Okacha Naama, Chrif Elasri, Brahim Elmostarchid, Ali Akhaddar, Abderrahman Elbouzidi, Gazzaz Miloudi, Adil Belhachmi, Bouchaib Kadiri, Mohamed Boucetta
Department of Neurosurgery, Mohammed V Military Hospital, 282 hay el menzeh, CYM, Rabat, Morocco.
Joint Bone Spine. 2008 Jan;75(1):70-2. doi: 10.1016/j.jbspin.2007.01.044. Epub 2007 Aug 28.
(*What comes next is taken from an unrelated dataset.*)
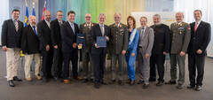 (v.l.) ADir Akad.KrkhMan Gerald Wiedner, MSc (RefLtr MilMed), Dr. Martin Bayer (Bereichsleiter Notfall- und Katastrophenmedizin), Prim. Dr. Helmut Trimmel, MSc (Leitung Anästhesie, Notfall- und Allgemeine Intensivmedizin, LK Wiener Neustadt), Prim. Dr. Bernhard Bacher (Leitung Anästhesiologie und Intensivmedizin, LK Amstetten), Dr. Andreas Krauter, MBA (Regionalmanager Mostviertel), Bgdr Dr. Robert Hofmann (AbtLtr MilMed), Landesrat Mag. Karl Wilfing, GenLt Mag. Akad. KrkhMan Norbert Gehart (SektLtr S III), Mag. Erika Meinolf (Abteilungsleiterin Recht und Personal), Dipl. KH-BW Helmut Krenn (Kaufm. GF), Dr. Robert Griessner (Med. GF), Bgdr Mag. Martin Jawurek (MilKdt NÖ m.d.F.b.), Mag. Gert Kovarik (stv. Kaufm. GF und Abteilungsleiter Finanzen und Controlling)
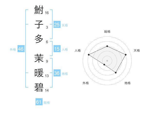 鮒子多 茉暖碧さんの総格は61画の3点!

Multiple myeloma is a hematopoetic disorder and multicentric disease, with the most common localisation being the spine. A 47-year-old male presented with progressive paraplegia, superficial and deep sensory disturbance below the level of T4. Spinal magnetic resonance image showed an epidural mass compressing the spinal cord at the level of T4-T6 with intact bone structure. The patient underwent surgical T4-T6 posterior spinal decompression. Microscopic examination and immunohistochemical studies confirmed the diagnosis of multiple myeloma of kappa subtype. Immunoelectrophoresis revealed the presence of immunoglobulin G kappa. The patient was subsequently started on steroids and chemotherapy for myeloma. Extraosseous epidural tumors causing compression myelopathy without evidence of destruction or collapse of vertebral bodies are relatively rare; to our knowledge only four cases have been reported in English literature.
多发性骨髓瘤是一种造血系统疾病和多中心性疾病,最常见的发病部位是脊柱。一名47岁男性患者出现进行性截瘫,T4水平以下有浅感觉和深感觉障碍。脊髓磁共振成像显示在T4 - T6水平有一个硬膜外肿块压迫脊髓,骨质结构完整。该患者接受了T4 - T6后路脊髓减压手术。显微镜检查和免疫组化研究确诊为κ亚型多发性骨髓瘤。免疫电泳显示存在免疫球蛋白G κ。患者随后开始接受针对骨髓瘤的类固醇和化疗。导致压迫性脊髓病而无椎体破坏或塌陷证据的骨外硬膜外肿瘤相对罕见;据我们所知,英文文献中仅报道过4例。